SULAWESI TENGGARA — RUPST Antam yang digelar pekan lalu tidak hanya memutuskan soal dividen jumbo. Pemegang saham juga menyetujui perubahan jajaran direksi dan komisaris, serta memberikan lampu hijau bagi perusahaan untuk menggarap proyek hilirisasi nikel guna mendukung ekosistem baterai kendaraan listrik nasional.

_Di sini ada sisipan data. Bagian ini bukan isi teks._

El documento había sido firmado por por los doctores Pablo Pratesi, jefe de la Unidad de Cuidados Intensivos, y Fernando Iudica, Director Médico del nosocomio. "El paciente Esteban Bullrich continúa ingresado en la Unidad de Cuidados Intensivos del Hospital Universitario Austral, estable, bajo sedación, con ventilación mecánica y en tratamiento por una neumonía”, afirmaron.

Dividen Rp5,04 Triliun dan Sisa Laba untuk Ekspansi
Dari total laba bersih Rp7,92 triliun yang dibukukan pada 2025, Antam mengalokasikan Rp5,04 triliun sebagai dividen. Sisanya, Rp2,16 triliun atau 30 persen, akan ditahan sebagai saldo laba untuk membiayai pengembangan usaha dan proyek-proyek strategis ke depan.
Kinerja positif ini ditopang oleh pendapatan yang naik 22 persen menjadi Rp84,64 triliun. Direktur Utama Antam, Untung Budiharto, menyebut pencapaian ini sebagai yang terbaik sepanjang sejarah perseroan, meskipun harga komoditas global bergejolak dan ekonomi makro tidak menentu.
"Capaian ini mencerminkan kuatnya fundamental bisnis, efektivitas strategi yang dijalankan secara disiplin, serta komitmen seluruh insan Antam," ujar Untung dalam keterbukaan informasi di Bursa Efek Indonesia.
Garap Hilirisasi Nikel untuk Baterai EV
Dalam RUPST yang sama, pemegang saham menyetujui Antam menerima penugasan khusus dari pemerintah untuk mempercepat program hilirisasi nikel dan pengembangan ekosistem baterai kendaraan listrik. Proyek ini mencakup seluruh rantai nilai, mulai dari pertambangan, pembangunan pabrik pengolahan (RKEF/RKSBF dan HPAL), hingga fasilitas daur ulang baterai.
Untuk merealisasikannya, Antam akan bekerja sama dengan PT Industri Baterai Indonesia (IBI) dan konsorsium asing yang terdiri dari Zhejiang Huayou Cobalt, EVE Energy, serta PT Daaz Bara Lestari. Langkah ini diharapkan tidak hanya meningkatkan nilai tambah sumber daya mineral nasional, tetapi juga memperkuat posisi Indonesia dalam rantai pasok industri baterai global.
Perombakan Direksi dan Komisaris
RUPST juga mengukuhkan perubahan susunan pengurus perusahaan. Rudy Salahuddin Ramto resmi diberhentikan sebagai Komisaris per 19 Desember 2025, sementara I Dewa Wirantaya yang sebelumnya menjabat Direktur Pengembangan Usaha kini beralih posisi menjadi Direktur Strategi Hilirisasi dan Operasi Hilir.
Selain itu, pemegang saham memberhentikan Arianto Sabtonugroho Rudjito dari jabatan Direktur Keuangan dan Manajemen Risiko. Posisinya digantikan oleh Arini Kasmira. Adapun Aryanto Wibowo diangkat sebagai Komisaris baru.
Dengan perubahan ini, jajaran Direksi Antam kini terdiri dari Untung Budiharto (Direktur Utama), I Dewa Bagus Sugata Wirantaya (Direktur Strategi Hilirisasi dan Operasi Hilir), Hartono (Direktur Pengelolaan Sumber Daya Mineral), dan Arini Kasmira (Direktur Keuangan dan Manajemen Risiko). Sementara itu, Komisaris Utama tetap dijabat oleh Irwandy Arif, didampingi Elen Setiadi, Ridwan, Rudy Sufahriadi, Aryanto Wibowo, dan Pius Lustrilanang.